A vertical plate in still air is closer to 6, but the induced convection from wind increases this. See equations 6 and 7 for example.
Notice that the space radiator has an advantage at lower temperature, more on that later.
Far more radiative capacity is available if we’re willing to use the deep ocean as a cold sink or allow Earth’s temperature to increase.
It’s not clear how this will change over time. As chips get more efficient and solar gets cheaper, the energy cost share should fall. However, as hardware improves, the cost per token should fall as well, muddling the story.
I also think local AI devices and interaction models will be big opportunities that require nearby compute.
Orbital slots are limited economic land that deserve an appropriate allocation mechanism.
The higher temp allows you shrink the radiators in theory, but leakage increases exponentially with temperature while radiation only increases with the fourth power of temperature so I’d guess the net effect is to increase the radiator mass?
Less energy per FLOP means less heat to radiate away. So even though the lower temperature demands a larger radiator (or a heat pump) the lower energy demand counters this.
For interconnect, RF over fiber is pretty interesting. Lightweight, cheap, less energy demand, and almost as fast as optical.
For example, I’m excited about underground thermal energy storage, adsorption refrigerators, climate simulation for optimal siting, and using the deep ocean as a cold sink.
With some notable exceptions covered here.
A Dyson swarm kind of breaks the concept of profit. To be feasible at all, you need to bootstrap from a small initial investment. Once built, it’s not clear whether terrestrial beings will want so much high-latency compute.
But assuming that being uploaded is in demand, what would the owners of the Dyson sphere possibly want from Earth in exchange for transcendence? We’ll sooner build this as a public good than as a profitable enterprise.
Alternatively, radiation from the reactor can be used to drive a fission reaction.
And I doubt a slightly different regulatory burden for fusion will change that.

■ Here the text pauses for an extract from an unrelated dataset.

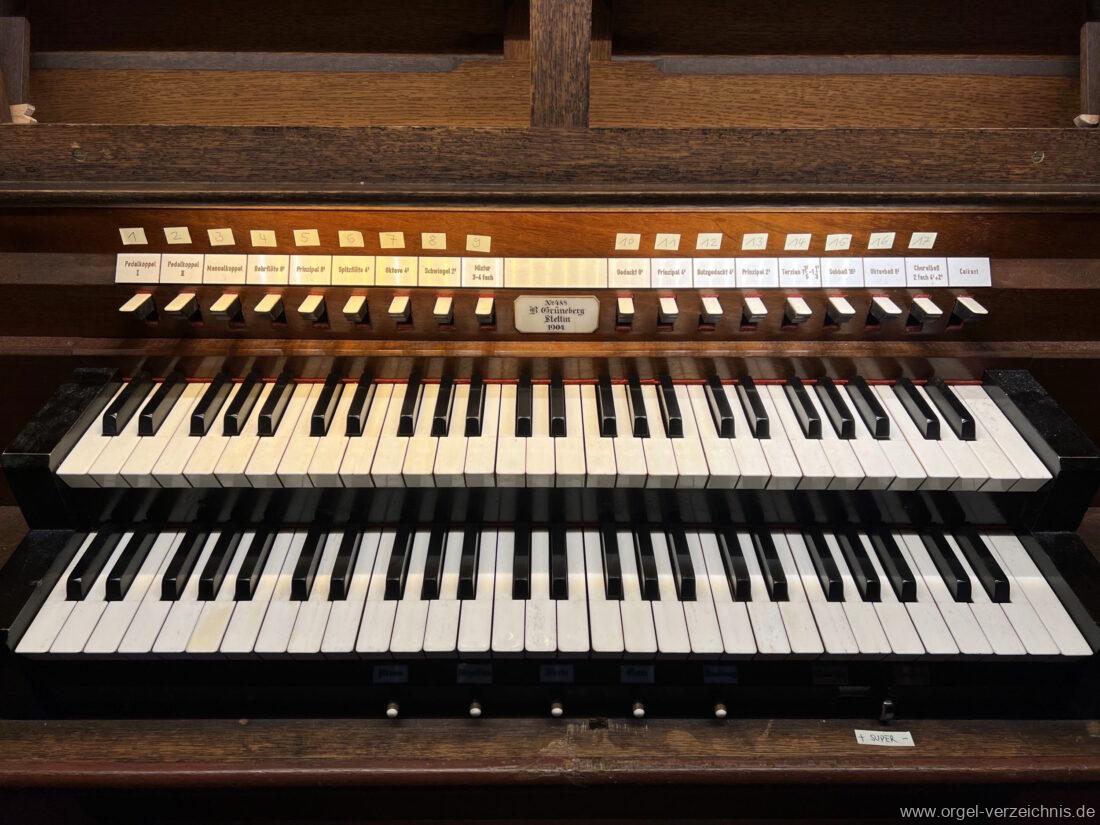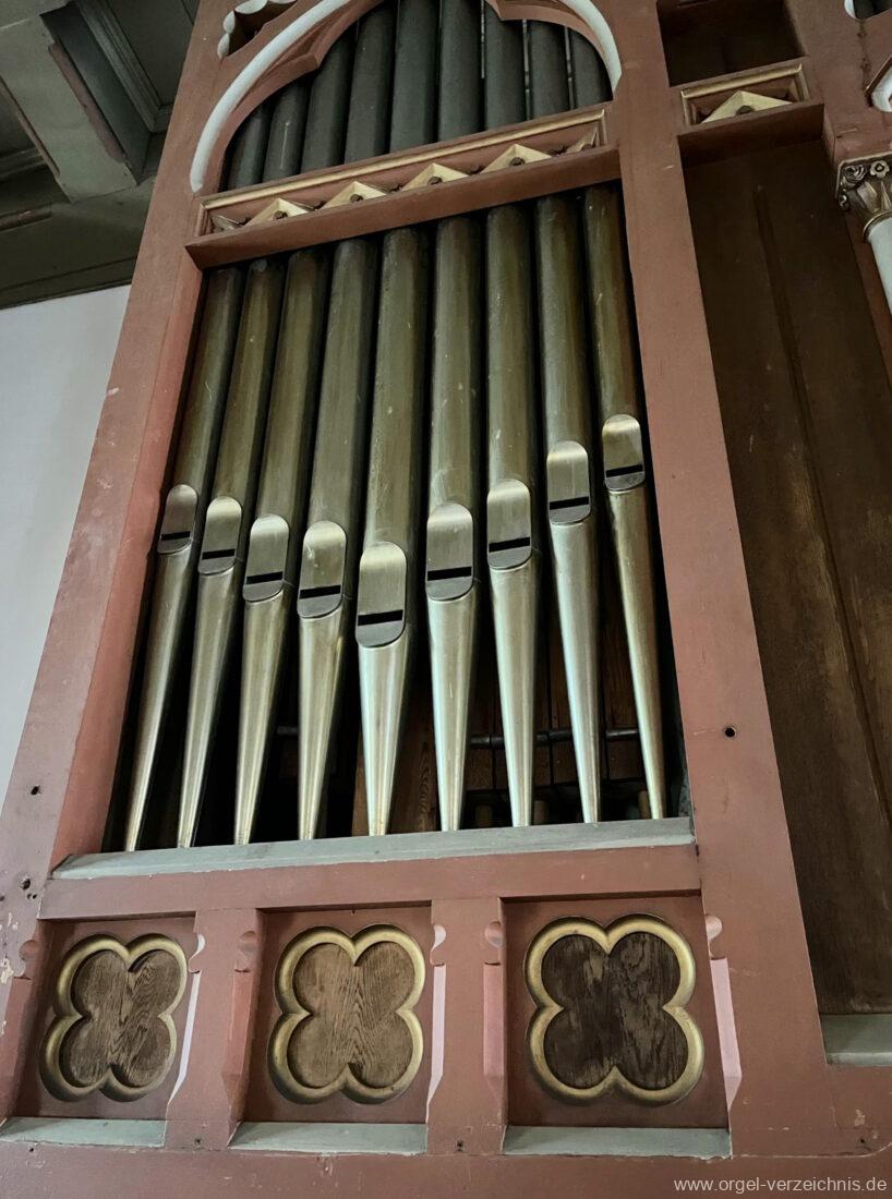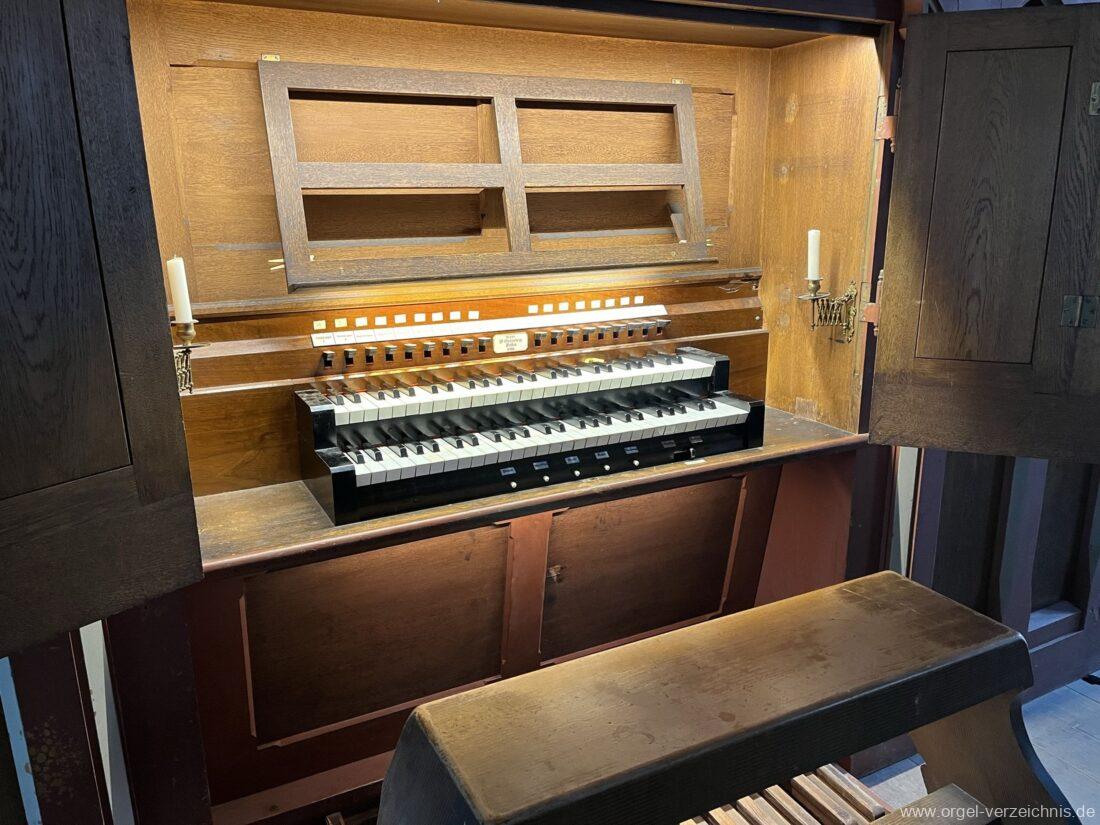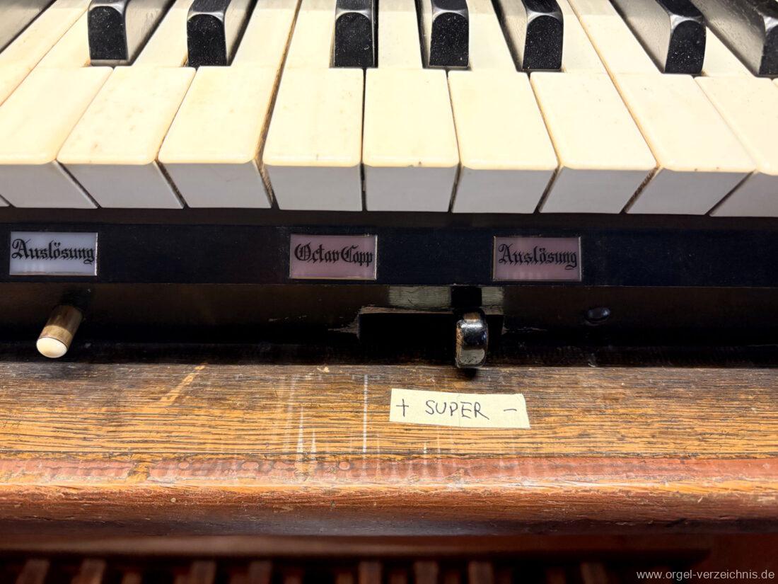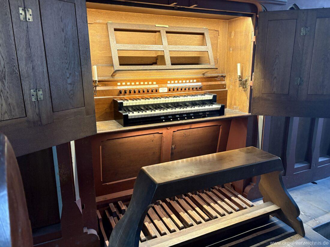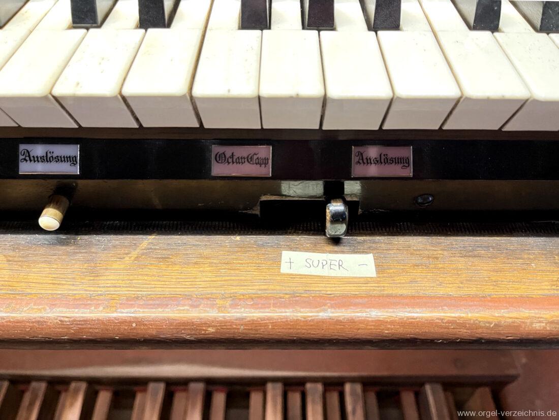 II Manual C – f“‘Geig.princ 8′ C – H Holz, ab c° Naturguss, ab fs° Metall Salicional 8′ Holz, ab c° Metall neu Aeoline 8′ neu, C – H Naturguss, ab c° Metall Liebl.Ged. 8′ C – h° Holz ged., ab c‘ Naturguss ged. Fl.dolce 4′ C – H Holz rohrged. neu, ab c° Naturguss rohrged. alt, ab f“ offen konisch und teilw. alt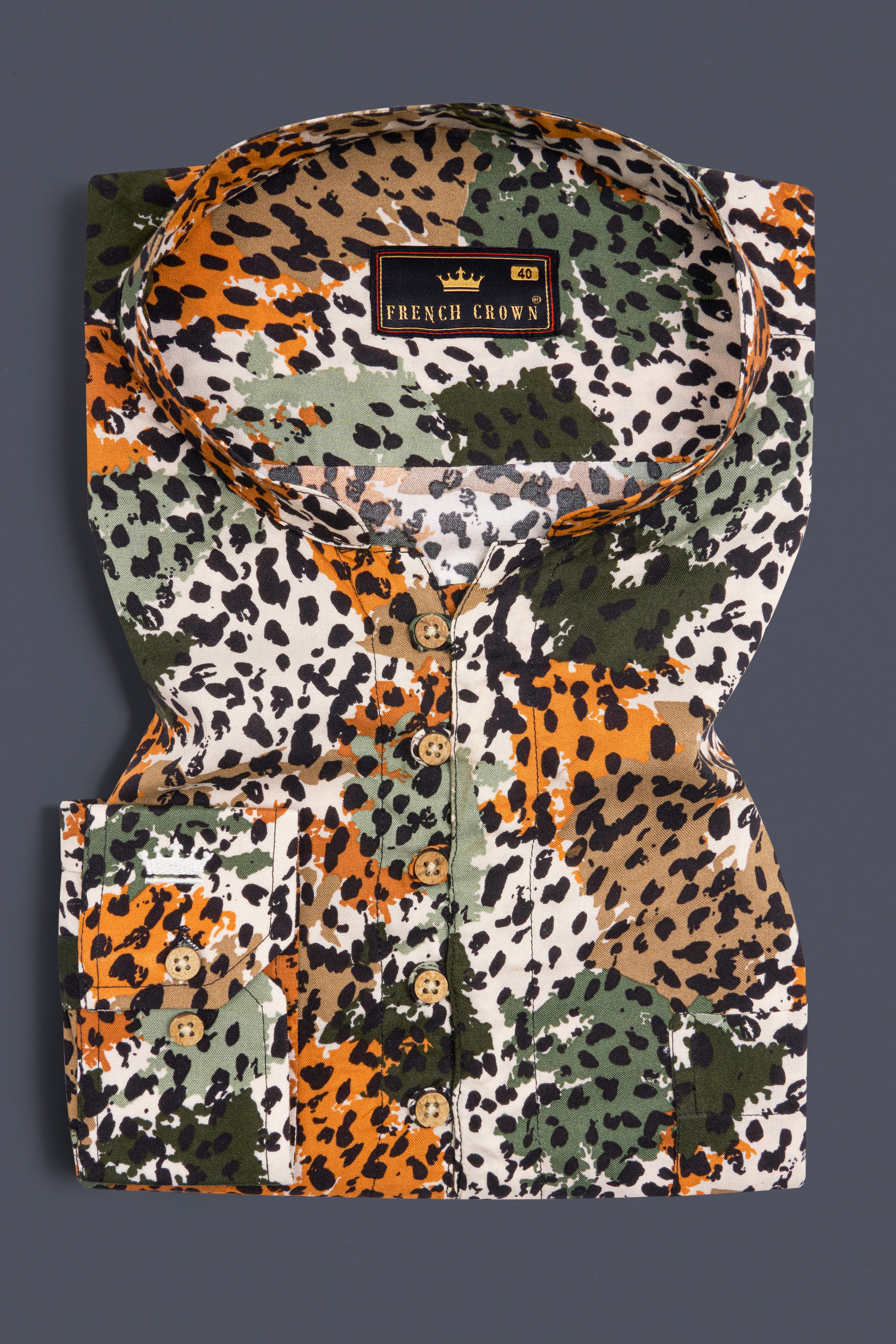 Finch Green Leaves Printed Premium Cotton Kurta Shirt

Deuterium has only low-volume industrial use today but if deuterium found use in fusion reactors, it may rise or fall in price. It is unclear if the current production process for deuterium can be improved. Could viable fusion suddenly make deuterium cheap? In the short term, prices would go up with higher demand. Long term, prices could fall. A casual look at other raw materials before and after they become economically valuable hasn’t revealed huge falls in price. If anything, prices rise and remain stable.
Just guessing, the deuterium price could be off by half an OOM (3.2x) and the idiot index another half an OOM, so overall a 10x range.
This is also why quantum cryptography and quantum key distribution aren’t very interesting. We just need to change our classical software to have good cryptography, no need for quantum mechanics to save us!
There are a few cryptographic tricks you can’t do without quantum computers, so these might eventually find niche applications.
Certified randomness, quantum summoning, and device independent-quantum randomness are neat though and might find some applications in cryptography.
Like asteroid mining and quantum computing, nanotechnology is also dangerous, which makes it even less exciting. I don’t want to be turned into grey goo.
And because building more tethers out of a weaker material can substitute for one strong tether.
Though to be clear, superconducting electronics mostly just uses aluminum right now.
Such as Haber-Bosch, steam reforming, electrolysis, cracking, catalytic reforming, and Fischer–Tropsch.
Which is better addressed with sleep need reduction.